SUPPLIED MATERIAL START

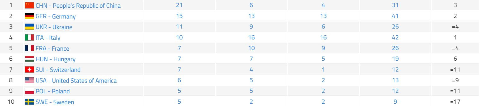 Лідирувати продовжує Китай, другою йде Німеччина, водночас Україна обійшла Італію.
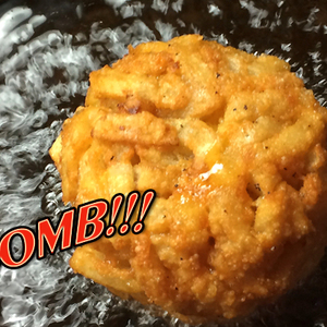 拿出晚餐剩下的薯条,切点碎干酪混进去,中间铺上芝士片和肉饼,轻轻捏成一团,再放到油锅里炸一炸……你也能随随便便制造一枚“薯条汉堡炸弹”端出去祸害基友。
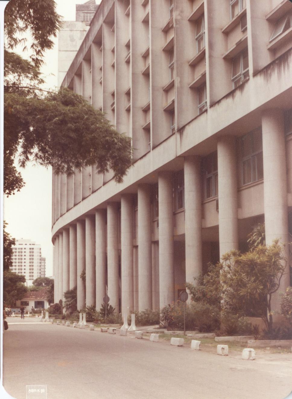 Vista externa do Ed. Cardeal Leme. As vagas de estacionamento em diagonal haviam sido bloqueadas com blocos de cimento. Ao fundo, a casa da CCE.
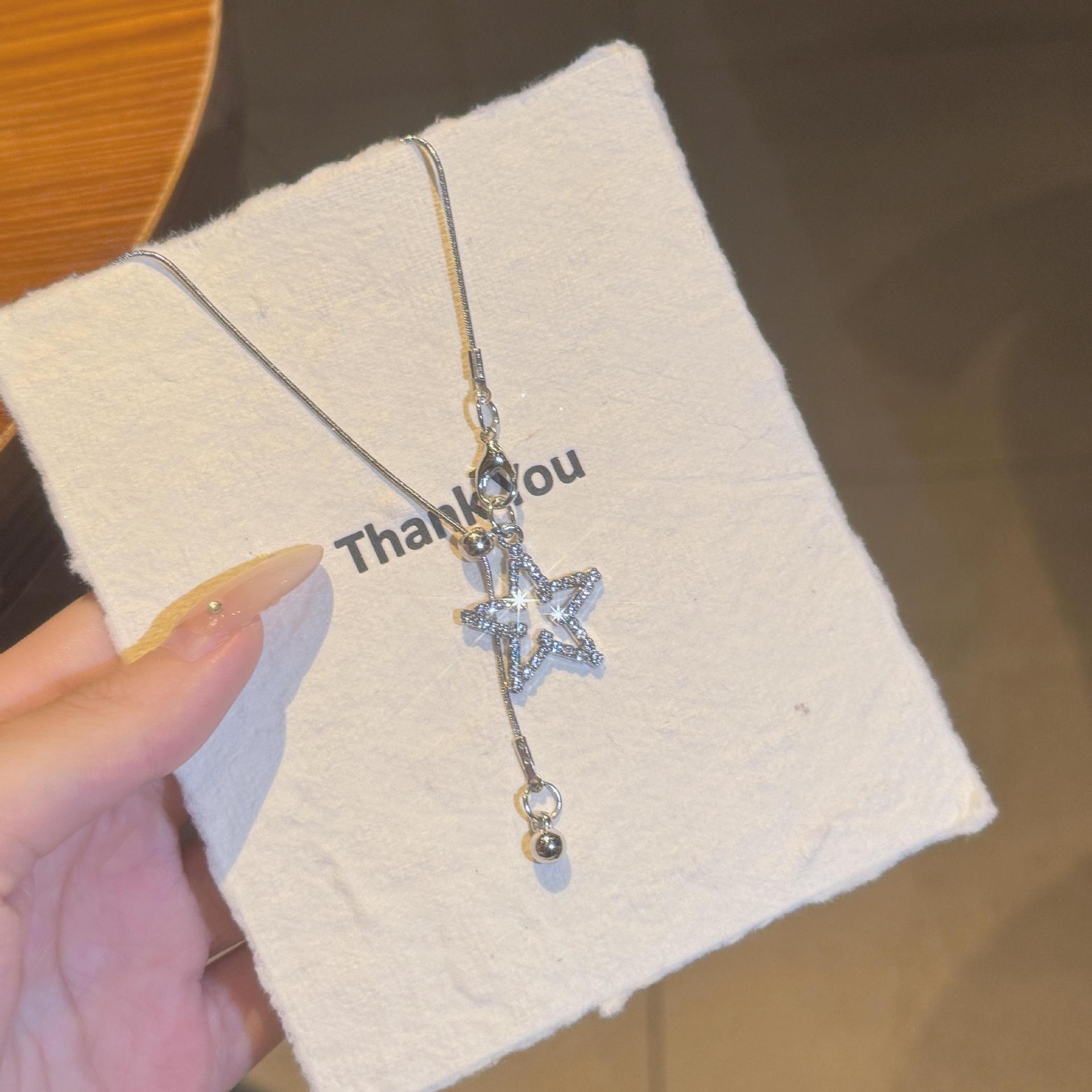 Stainless Steel Necklace, High-End Pull-Out Five-Pointed Star Long Necklace, Women's Niche Design Clavicle Chain Sweater Chain

SUPPLIED MATERIAL END

■ TASK ITEM: What do the lines above say from the line containing "Vista externa do" through the last line? Quote them exactly, both ends included, and leave out the pictures.

■ TASK ANSWER:
 Vista externa do Ed. Cardeal Leme. As vagas de estacionamento em diagonal haviam sido bloqueadas com blocos de cimento. Ao fundo, a casa da CCE.
 Stainless Steel Necklace, High-End Pull-Out Five-Pointed Star Long Necklace, Women's Niche Design Clavicle Chain Sweater Chain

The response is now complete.